WORK TO BE COMPLETED → Where the records below show a line containing "完成主线25章后,在尤尼冈右", start copying; end with the line containing "Лампа LED A60 груша 8Вт 12-24В 4000К E27 IEK", and copy it too.

DATA SUPPLIED →
--

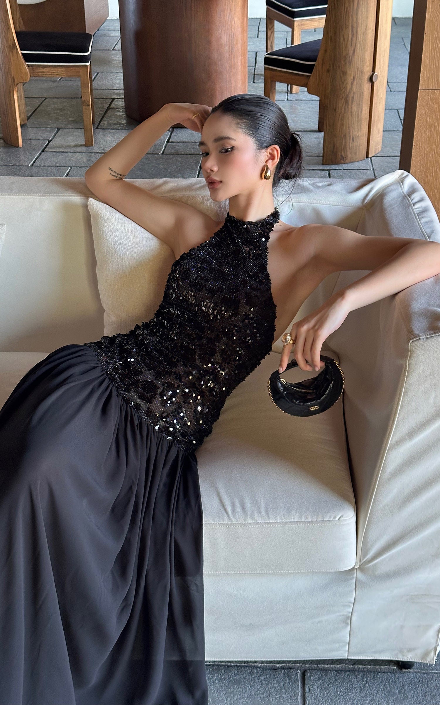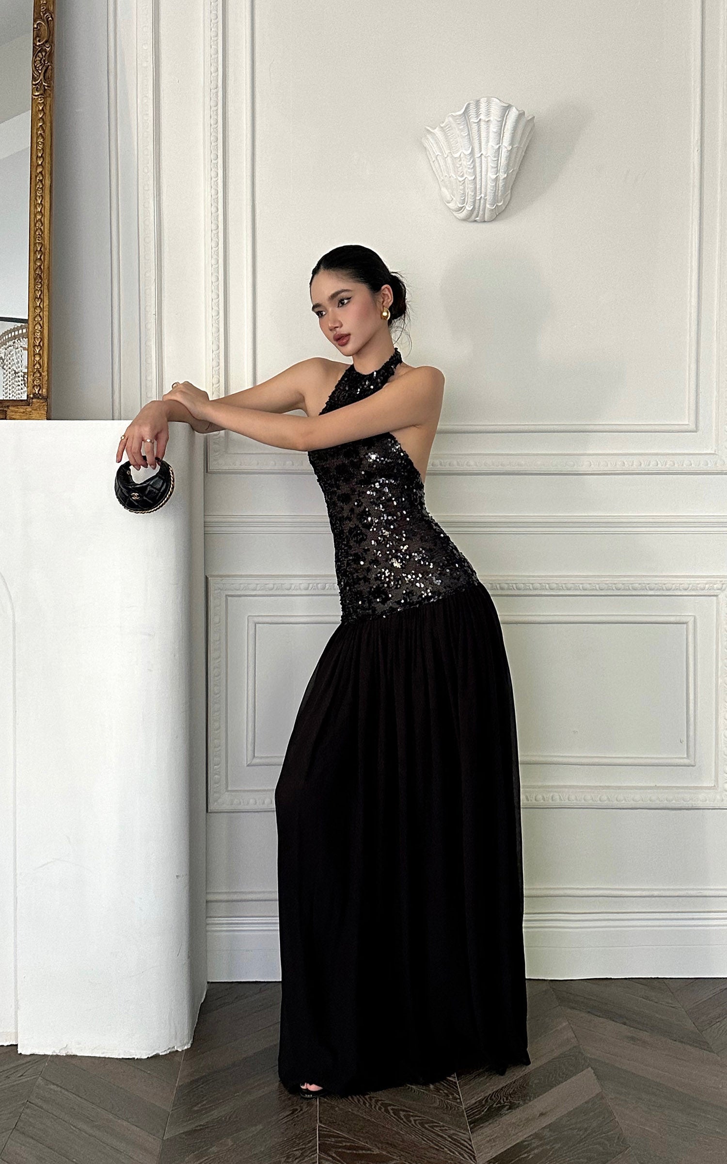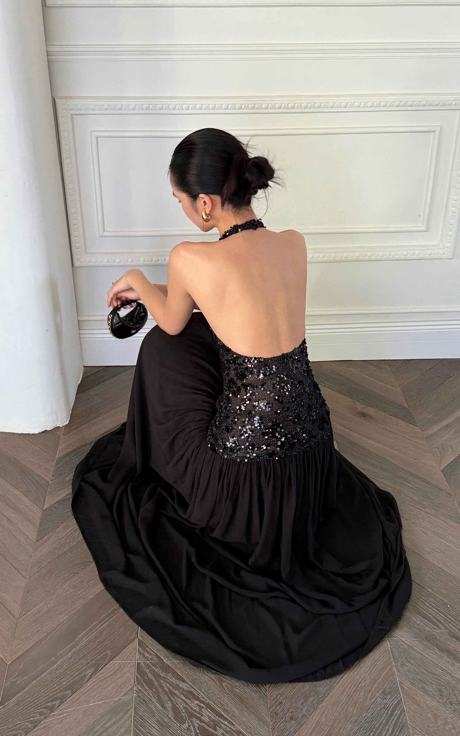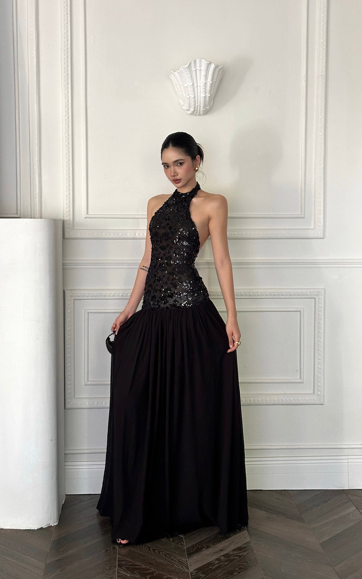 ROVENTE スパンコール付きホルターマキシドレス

--

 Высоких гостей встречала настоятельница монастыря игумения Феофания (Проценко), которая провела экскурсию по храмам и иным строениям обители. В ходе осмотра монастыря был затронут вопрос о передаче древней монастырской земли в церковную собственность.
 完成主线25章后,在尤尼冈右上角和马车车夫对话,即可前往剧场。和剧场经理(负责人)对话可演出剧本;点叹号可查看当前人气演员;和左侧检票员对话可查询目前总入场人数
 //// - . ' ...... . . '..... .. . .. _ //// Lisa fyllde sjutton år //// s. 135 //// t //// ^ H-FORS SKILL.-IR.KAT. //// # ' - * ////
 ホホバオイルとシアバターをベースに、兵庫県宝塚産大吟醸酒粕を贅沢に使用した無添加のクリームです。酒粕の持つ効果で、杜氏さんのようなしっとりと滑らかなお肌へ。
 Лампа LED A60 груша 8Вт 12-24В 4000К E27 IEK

--

FINISHED EXERCISE →
 完成主线25章后,在尤尼冈右上角和马车车夫对话,即可前往剧场。和剧场经理(负责人)对话可演出剧本;点叹号可查看当前人气演员;和左侧检票员对话可查询目前总入场人数
 //// - . ' ...... . . '..... .. . .. _ //// Lisa fyllde sjutton år //// s. 135 //// t //// ^ H-FORS SKILL.-IR.KAT. //// # ' - * ////
 ホホバオイルとシアバターをベースに、兵庫県宝塚産大吟醸酒粕を贅沢に使用した無添加のクリームです。酒粕の持つ効果で、杜氏さんのようなしっとりと滑らかなお肌へ。
 Лампа LED A60 груша 8Вт 12-24В 4000К E27 IEK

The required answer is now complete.